Presently, about 30 lakhs bee colonies in India are producing 94500 metric tonnes of Honey (2016-17 estimated) including honey from wild honey bees & providing employment to about 3.00 lakh persons. India is one of the honey exporting countries. The major markets for Indian honey are Germany, USA, UK, Japan, France, Italy, Spain etc.

World scenario of beekeeping:

Honey is the precious natural health product which is produced throughout the world. A total quantity of 14-15 lakh metric ton is produced world over. There are 15 countries in the world which produce 90% of the total production.

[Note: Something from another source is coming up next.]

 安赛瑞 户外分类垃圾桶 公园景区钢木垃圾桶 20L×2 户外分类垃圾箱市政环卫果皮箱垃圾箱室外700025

Major honey producing countries are China, USA, Mexico, Argentina, Ukraine, Turkey, Russia & India.

Beekeeping as an Enterprise, source of Livelihood and benefits

Beekeeping industry is source of livelihood for rural poors/tribals/forest based population. Benefits of beekeeping are summarized as under:-

Ø  Unemployed youth can start this business with minimal funds (Rs. 1.00 to 2.00 lakhs);

Ø  Generates 3.75 lakhs mandays to maintain 10,000 Bee colonies in Bee hives;

Ø  Proper utilization of natural resources – nector & pollen otherwise go waste;

Ø  Different sectors and trades benefit from a strong beekeeping industry;

Ø  Beekeeping encourages ecological awareness;

Ø  Beekeeping helps in increasing National income;

Ø  Income from 100 Bee colonies is around Rs. 2.50-3.00 lakhs per annum;

Ø May help in doubling farmers income by supplementing/complimenting agriculture/              horticulture;

Ø Export of honey/beehive products attracts foreign exchange;

Ø It helps in rural development and promotes small village industry;

Ø Beekeeping is benign: Beekeeping generates income without destroying habitat;

Ø Encouraging beekeeping encourages biodiversity.

Hence, beekeeping may be adopted as an enterprise by anyone after getting training on the subject.

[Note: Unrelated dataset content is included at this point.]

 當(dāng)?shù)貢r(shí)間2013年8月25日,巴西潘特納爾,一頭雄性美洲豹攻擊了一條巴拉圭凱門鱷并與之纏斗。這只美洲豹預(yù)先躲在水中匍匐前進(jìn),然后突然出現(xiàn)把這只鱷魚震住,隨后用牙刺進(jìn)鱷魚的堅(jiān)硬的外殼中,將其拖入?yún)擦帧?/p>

Potential and Opportunities

India has vast potential for Beekeeping. The diversity in flora and fauna provides more opportunities for the development of beekeeping industry. The National Commission on Agriculture had visualized the need for deploying about 150 million Bee colonies for pollinating 12 major agricultural crops in the country.  Presently, 200 million Bee colonies are required for enhancing their yield which will provide employment to 215 lakh persons and produce 10 million tonnes of honey and increase in crop production.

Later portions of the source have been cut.